Part 1 - Scenario Design

Youtube’s recommender system is almost entirely meant for its users (customers), so it would make sense to only do one scenario design. There are some interfaces for developers, content creators, and Google staff, however, they do not use the recommender system nearly as much as the end user (video watchers).

Who are the target users?

Youtube is so broad and accessible, it targets basically anybody with a screen that is connected to the internet. At some point, people want to watch a video for entertainment, education, news, music, or basically any other conceivable topic, and they will go to Youtube to find that video. It would be nearly impossible to find someone with an internet connection that hasn’t watched a Youtube video at least once.

What are their key goals?

The goal of the user is to recieve some kind of knowledge or entertainment by watching a video. The user wants to find the video they’re looking for as fast as possible or they want to explore videos of a particular topic and find videos relevant to their search.
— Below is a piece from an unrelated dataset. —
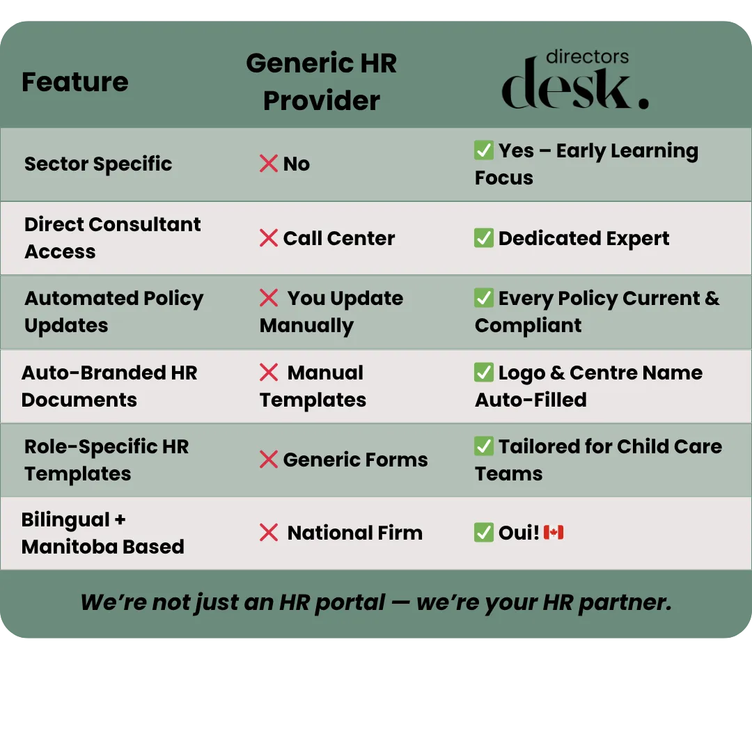Join hundreds of child care leaders across Manitoba who already trust Curbridge for HR peace of mind, and can't wait to access Directors Desk. We want you to experience what it’s like to have expert guidance at your fingertips.
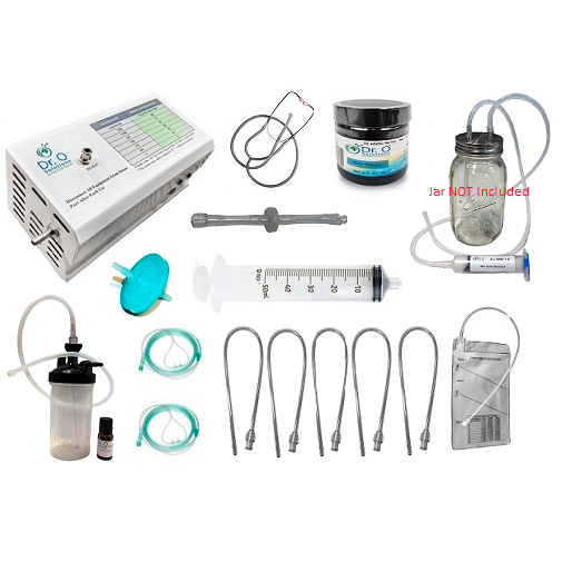 Medical Grade Ozone Generator Machine with power supply 2 x 1 meter silicon tubing Oxygen in-line bacteria filter Bio-Ozole Pure, 2 oz Water Therapy Kit for Small (Regular neck) Mason Jars (jar not included) Ozone Ear Insufflations Kit Respiratory Ozone Therapy Breathing Kit Rectal/Vaginal Administration Insufflations Kit This kit is a bundle of the items…

How can Youtube help the users accomplish their goals?

Youtube helps users accomplish their goals by making videos easy to find, having relevant suggestions, and by designing a site layout that helps users browse videos quickly.

Youtube helps users find videos by developing a highly efficient and accurate recommender system to suggest videos to the user. Youtube’s (in)famous search algorithms determines which videos come up first on the search results through a system of video selection and ranking that takes in user watching behavior, user topic interests, and user video engagement.

Part 2 - Reverse Engineering

The front-facing interface for Youtube is very lightweight and simple compared to the monstrous back-end infastructure that supports all of Youtube’s services.

When a user visits Youtube they are greeted by a panel of videos suited specifically for their tastes. These videos will be a mix of videos that are relevant to their interests, past videos they have watched recently, and playlists of videos about topics the user has shown interest in. On the left, there is a sidebar that has tabs for trending videos, video history, and broad topics like music, sports, and gaming. These tabs will bring the user to another panel that focuses entirely on one topic and contains videos relevant to the user. At the top, there is a search bar. As the user types in words, Youtube will recommend phrases or words to guide the user in finding the video they’re looking for. In short, Youtube’s user interface gives the user a buffet of videos to browse through and click at their leisure. The space is full of content, but spread out enough as to not be overwhelming.

Underneath this interface is quite the beast of a recommendation system.

Youtube employs a combination of nearest-neighbor search algorithms, deep neural networks, and matrix factorization to select recommended videos and rank them in relevancy. The first layer of their recommendation system is a candidate generation system that takes a user’s Youtube activity history and uses matrix factorization to return a few hundred videos. This first layer takes into account different aspects about the user such as their country of origin, watching habits, topics of interest and creates a list of broadly relevant videos, that is narrowed down from millions of possible videos. The second layer is a ranking system that ranks the few hundred videos by relevancy. This ranking system uses a deep neural network and logistic regression to generate a score that aims to maximize a user’s watch time. Videos are then presented to the user ranked and relevant to their tastes and desires in the moment.

Youtube then tracks the user’s behavior after generating the recommendation to tune their algorithms. Youtube records things like:

  • Which videos did the user watch?
  • How long did they watch the videos?
  • Did the user click away?
  • Did the user continue watching more videos?
  • Did the user pause the video frequently?
  • Did the user search for another video while watching a video?
  • Did the user comment on the video?
  • What did the user say in their comment?

All of this data is fed back into the neural network so it can learn how to provide better recommendations to maximize watch time.

The result of this system is a self-sustaining recommendation machine that recommends videos, records its users, and tunes its parameters to maximize watch time.

Part 3 - Recommendations

Google (and by extension, Youtube) has all the data it could ever need at its fingertips. Google has arguably created the best recommendation algorithms in the world and has extended its expertise to Youtube. There have been very few instances where I have been unable to find a video I was looking for on Youtube. The only recommendations I can really make would be features to the website rather than improvements to the recommendation engine.

That being said, it would be nice for users to be able to create their own topic tags in addition to having the algorithm recommend topics to the user. There are times when I want to explore a very niche topic, but do not want to use the search bar because it only provides the same few videos.

Allowing the user to interface more directly with the recommendation engine would be a good way to maximize customization and specification for the user.